医学やケアには限界があることを認めながらも、その中で自分が果たす役割を見いだし、そこから自分の価値を見直すというプロセスが大事です。

そもそも仕事に理想を持たず、やる気もない人には燃え尽きはありません。しかし理想を持ち、やる気がある看護師は患者と100%の信頼を持とうとする。しかし、100%信頼されるということはなく、そこにズレが生じると葛藤を抱くことになる。さらに、敵意や憎悪につながることにもなりかねなません。

少し乱暴な言い方になりますが、これは失恋に似ていると思います。相手に理想を求めて、得られず失恋して落ち込む。ここでアプローチを変えて、新しい伴侶を得ることになります。

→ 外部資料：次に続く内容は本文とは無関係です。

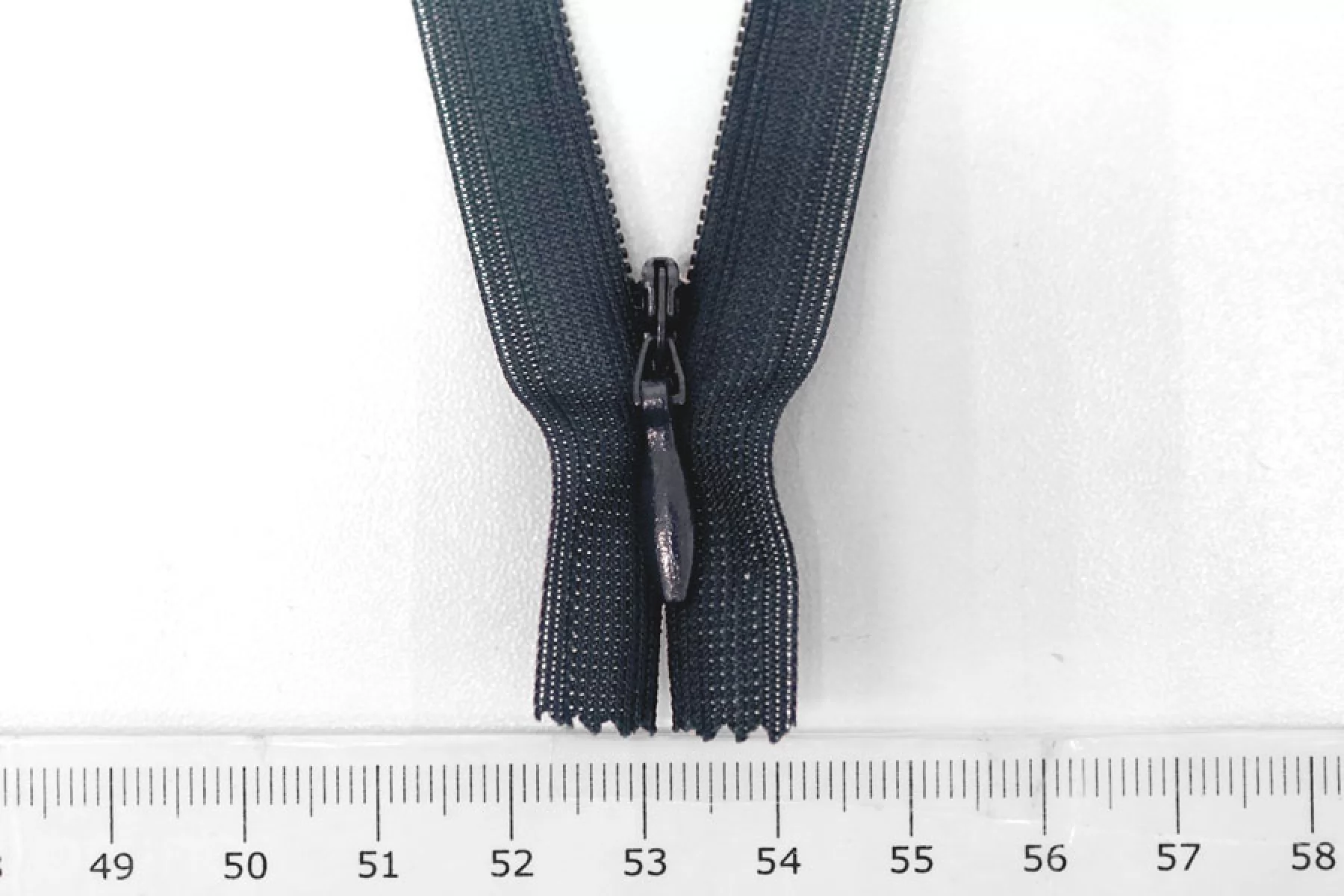 Потайная молния темно-синего цвета , длина 20 см. Неразъемная. Зубцы пластиковые, слайдер и пуллер - металл в цвет молнии. Ширина молнии 2,2 см. Ширина зубцов 4 мм.

そうすると失恋の効用ということも考えていい。そのように考えると燃え尽きを一概に否定する必要もないということになります。

—燃え尽きが起こることよりも、そこから抜け出すことができなくなることの方が大きな問題ということですね。遷延化を回避するためにはどのような対策が有効でしょうか。

久保 個人レベルの見直しと組織レベルの見直しの両方が必要です。

上司が部下に声をかけるようなラインケアが欠かせません。さらに過重労働が背景にある場合はやはり勤務体制を見直すことも重要です。例えば子育ての最中にある人には夜勤シフトなどに配慮することが組織単位で必要になるでしょう。医療現場では、目的意識をほかの同僚との間であるいは職種間で共有するという意味では同じ職種はもとより他の職種も含めたカンファレンスの意義も積極的に評価されるべきでしょう。勤務態勢体制見直しという意味では、患者を個人が担当する主治医制度などについても、チームで診療するなど弾力的な運用を考慮した方がよいかもしれません。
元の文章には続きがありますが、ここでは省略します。